Friday, May 09, 2003

*the final countdown*
ok not reeeally the FINAL countdown... but we are definately teetering on the edge right now. in about 15 minutes, vancouver will face minnesota in the deciding game 7 after losing our 3-1 lead in series with the last two games. it all comes down to this. we were outscored the last 2 games 13-3. that's ridiculous!! i still have hope though. we are masters of the comeback. and we WILL conquer...

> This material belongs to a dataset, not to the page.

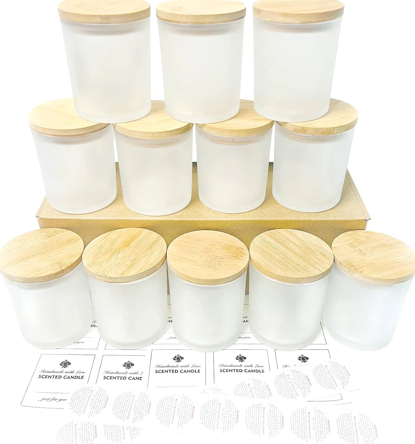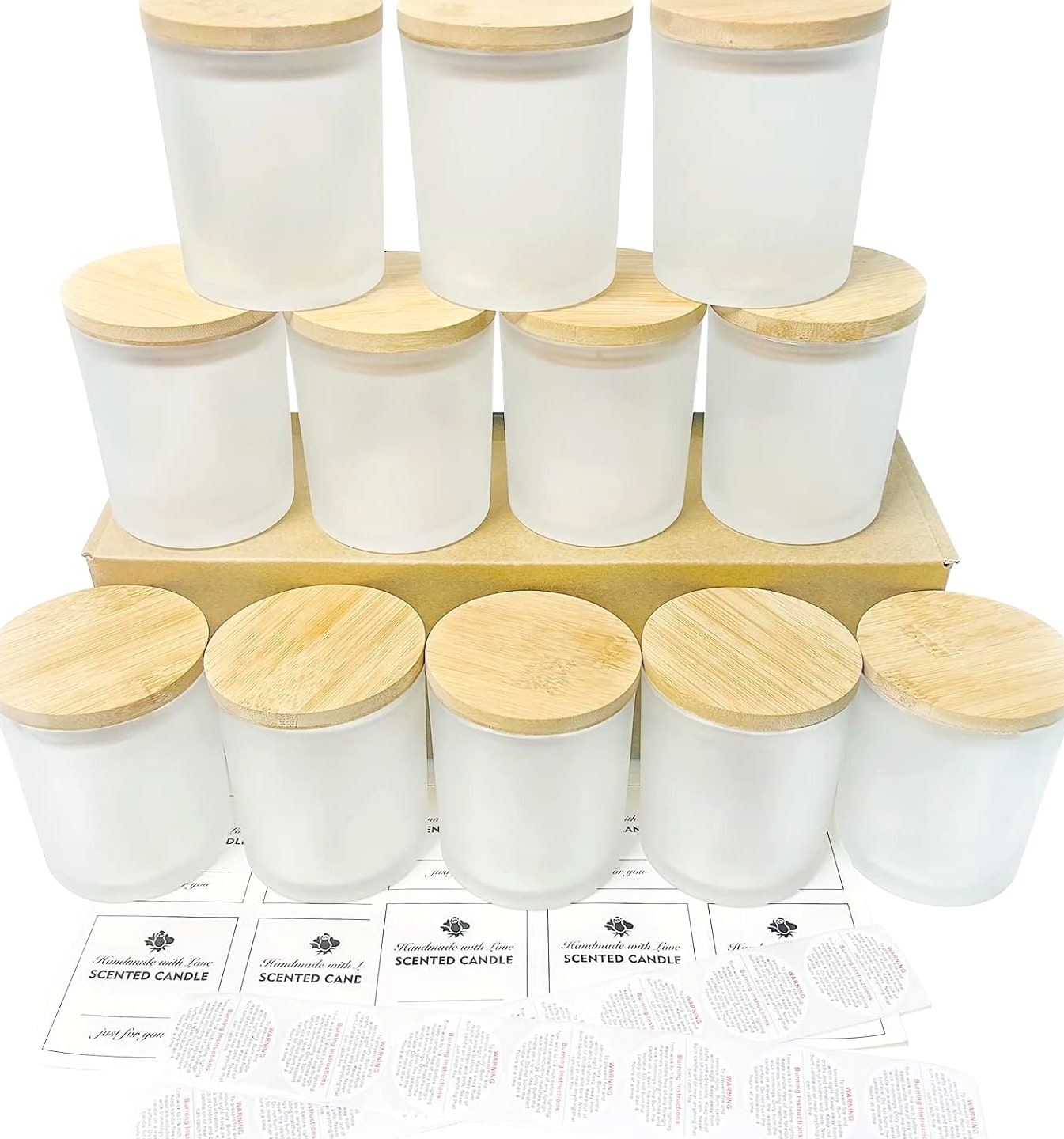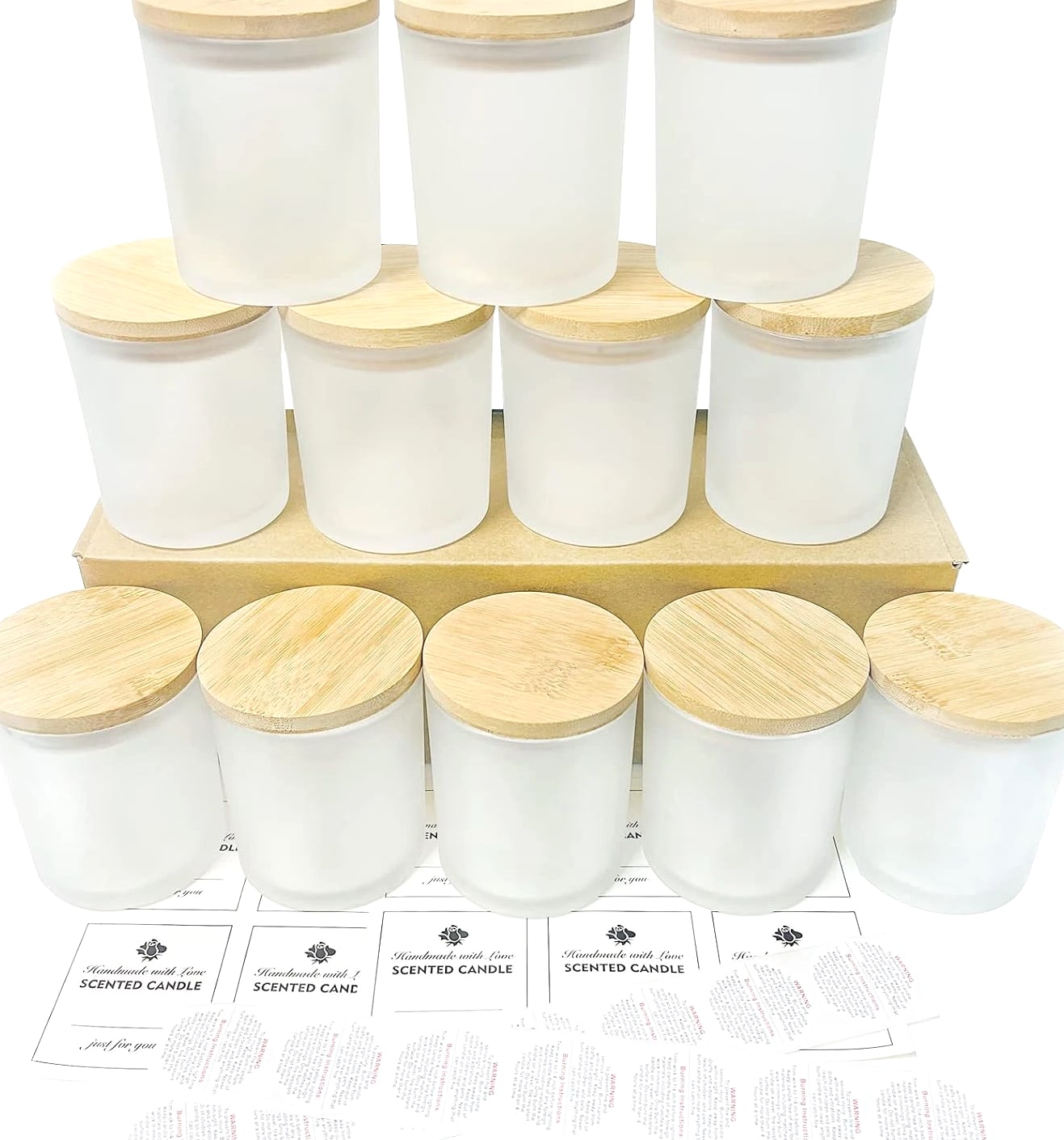 CONNOO 12 Pack 10 Oz Frosted Glass Candle Jars with Bamboo Lids for Making Candles Empty Candle Tins with Wooden Lids, Bulk Clean Candle Containers - Dishwasher Safe Description Item model number JLZG-011 Unit Count 12.0 Count Care instructions Dishwasher Safe Capacity 10 ounces Number of Items 12 Item Weight 7.7 ounces Color Frosted Brand CONNOO Material Glass Is Dishwasher Safe Yes Volume 284 Milliliters Batteries required No Shape Round Manufacturer CONNOO Product Dimensions 3.4"W x 2.8"H Number of pieces 12 ⭐️Buy with Confidence: Anti-broken package design for the glass jars makes them a low damage rate. Any broken jars—contact us and you will get a replacement or MONEY BACK GUARANTEE. ⭐️Value Pack: You will get 12pcs 10 oz frosted glass candle jars with bamboo lids and 12pcs sticky labels and 16pcs warning labels. ⭐️Multipurpose: All 12 Pack Frosted glass candle jars with lids are designed mainly for storage and organization. The durable development capacity allows them to be used for a range of purposes, and the easy-to-clean design makes them easy to maintain and keeps them looking great. Ideal for spices, coffee, dried food, herbs, tea leaves, nuts, etc. Also these clear jars with lids can be utilized as containers for powders such as sugar, salt, flour, body lotion, ointments, cosmetics, slime, or other crafts. ⭐️Safe and Easy Clean: CONNOO candle jars are made of high quality clear glass. No worry about cracks and it is heat resistant when you do your candle making work. Jars with airtight lids keep the candles dust-free. They are ideal for use with scented or unscented candles. If you need to wash your empty jars, put them in the dishwasher and let your hands stay free. ⭐️Airtight Lids: Empty candle jars come with bamboo lids which are lined with silicone sealing ring to ensure airtight seal, protecting from exposure to air and keeping aromatic and flavorful. Product description 12 Pack 10oz candle jars with lids A warmer candle also a decor for your house Airtight lids design makes candles

you know, many people have told me that canadians are the most adamant about how great our country is. well... that's because canada IS great... duh... i will spare you the moving prose i could expound on the greatness of canada, but you should all check THIS out... oh canada! :)

*i'm not white*
i often have to remind myself of this. strange as it may sound, i realized since coming to hong kong that i actually did subconsciously believe this for a long time. i mean, i look at myself in the mirror and i see a girl with olive skin and dark hair and eyes, but i didn't think that people saw that. in canada, i carried myself as if i was exactly the same as everyone else around me. but then i realized that wasn't how others saw me. they saw a chinese girl and probably thought all the stereotypes that go along with that. i'm not saying i was blind to prejudice, because i don't believe i really experienced that much of it. but i do think there is a slight difference in the way people think of you according to your skin (not necessarily in a disadvantaged way). this was something that became really apparent to me here in hk, and i had to consciously urge myeslf to reconnect with my asian roots, having denied them for so long.

this week, i realized how much further i still had to go in this re-transformation. i was sitting in a restaurant with derek, both enjoying our shanghainese noodles and choy faan. i noticed a chinese mother eating with her young daughter, who looks eurasian. and i thought, i wonder if my kids would look like that... that.. WHAT?? just to rule out i wasn't thinking i would be marrying a caucasian. i was thinking... THIS would be a representation of myself. that this was somehow still how i envision myself. that inner picture of myself is still not accurate, at least not physically. i had to kick myself back to reality and admit once again that i am, and will always be, purely chinese, no matter how i feel. i suppose at this stage, i also cannot deny that i have spent 2/3 of my life in canada, and that place has near-full responsibility in defining who i am today, so i suppose this is just a subconscious effort to recognize the marriage of two cultures in my identity. so what to make of it all? i don't really think there will be and end to this struggle, as it is for so many others in hong kong and elsewhere. third-culture kids, or TCKs, are definitively undefinable in their identity. we can only attempt to sort out all the complex tangle of cables one by one, and in the process hope to have a slightly more clear understanding of who we are.